WHAT IS EXPECTED
Your reply should reproduce all the data below exactly while excluding the pictures.

INFORMATION SHOWN
==================================================

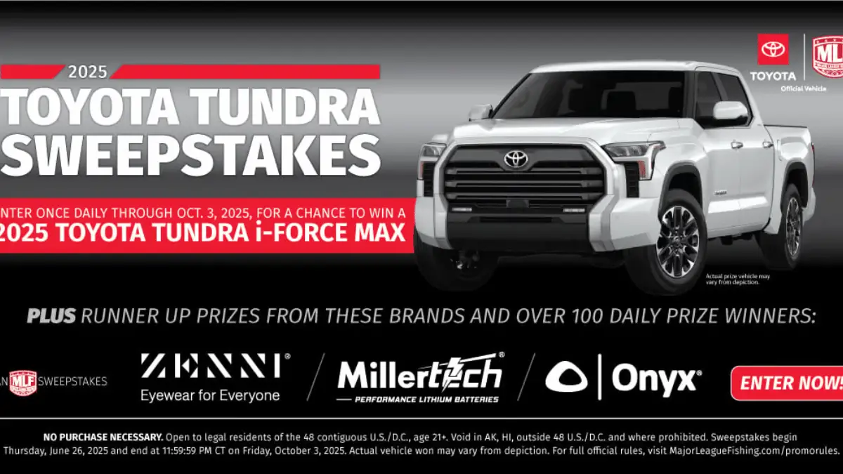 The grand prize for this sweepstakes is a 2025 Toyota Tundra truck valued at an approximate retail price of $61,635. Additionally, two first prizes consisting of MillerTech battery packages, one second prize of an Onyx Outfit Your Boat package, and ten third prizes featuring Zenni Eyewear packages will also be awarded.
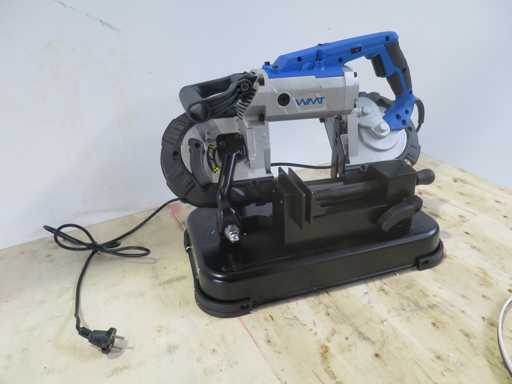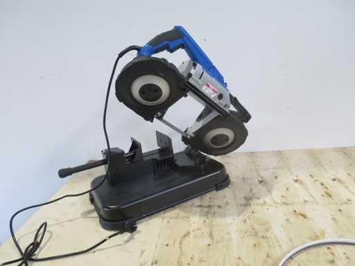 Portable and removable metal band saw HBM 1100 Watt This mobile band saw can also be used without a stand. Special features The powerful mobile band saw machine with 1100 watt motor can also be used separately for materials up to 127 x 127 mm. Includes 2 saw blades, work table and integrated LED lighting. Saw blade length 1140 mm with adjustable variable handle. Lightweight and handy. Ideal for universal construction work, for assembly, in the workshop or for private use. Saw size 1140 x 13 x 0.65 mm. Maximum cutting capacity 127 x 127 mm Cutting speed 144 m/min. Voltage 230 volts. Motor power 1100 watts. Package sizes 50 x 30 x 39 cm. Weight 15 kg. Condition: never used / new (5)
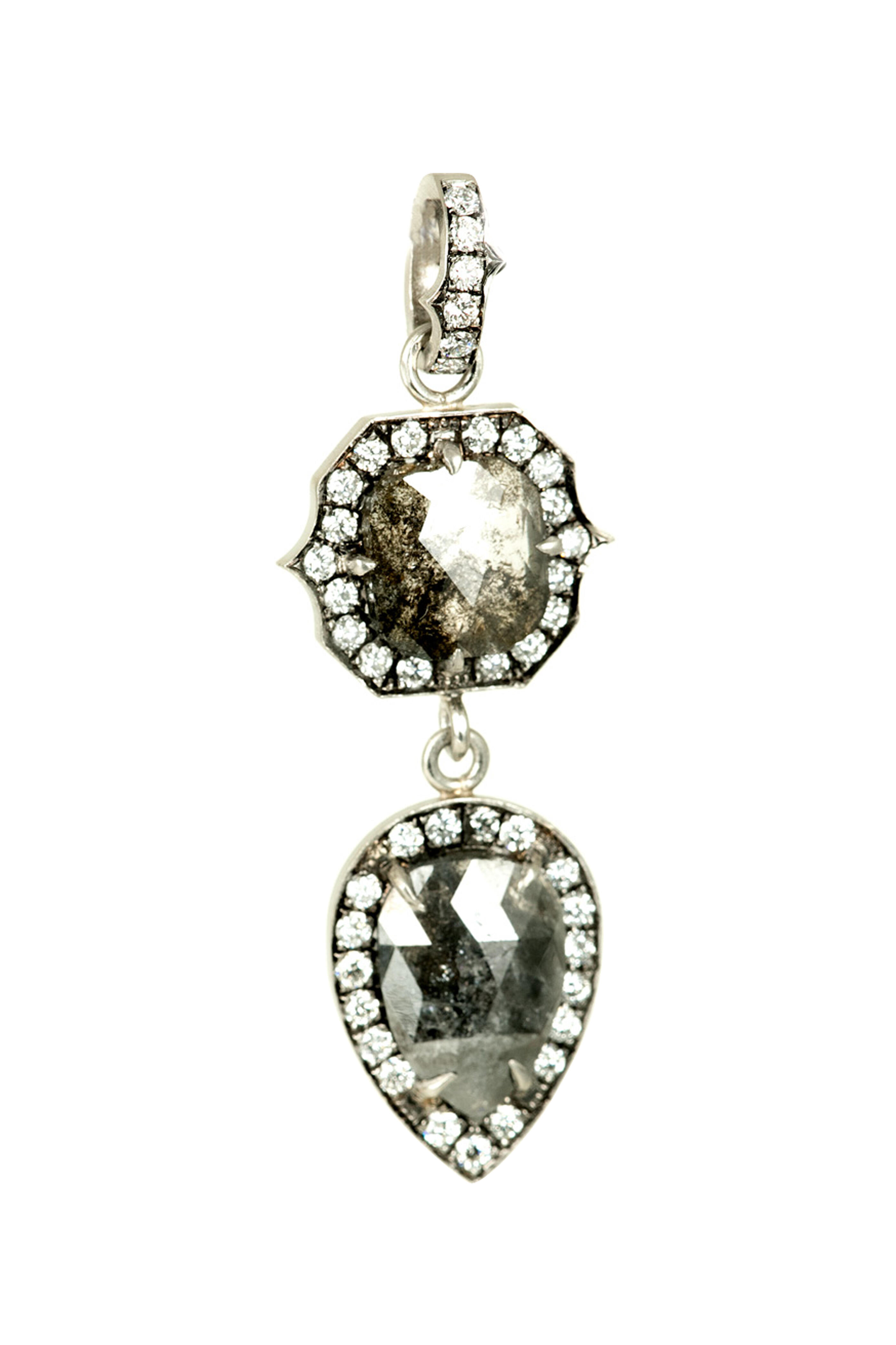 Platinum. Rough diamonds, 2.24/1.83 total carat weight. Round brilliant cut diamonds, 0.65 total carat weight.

==================================================

WRITTEN ANSWER
 The grand prize for this sweepstakes is a 2025 Toyota Tundra truck valued at an approximate retail price of $61,635. Additionally, two first prizes consisting of MillerTech battery packages, one second prize of an Onyx Outfit Your Boat package, and ten third prizes featuring Zenni Eyewear packages will also be awarded.
 Portable and removable metal band saw HBM 1100 Watt This mobile band saw can also be used without a stand. Special features The powerful mobile band saw machine with 1100 watt motor can also be used separately for materials up to 127 x 127 mm. Includes 2 saw blades, work table and integrated LED lighting. Saw blade length 1140 mm with adjustable variable handle. Lightweight and handy. Ideal for universal construction work, for assembly, in the workshop or for private use. Saw size 1140 x 13 x 0.65 mm. Maximum cutting capacity 127 x 127 mm Cutting speed 144 m/min. Voltage 230 volts. Motor power 1100 watts. Package sizes 50 x 30 x 39 cm. Weight 15 kg. Condition: never used / new (5)
 Platinum. Rough diamonds, 2.24/1.83 total carat weight. Round brilliant cut diamonds, 0.65 total carat weight.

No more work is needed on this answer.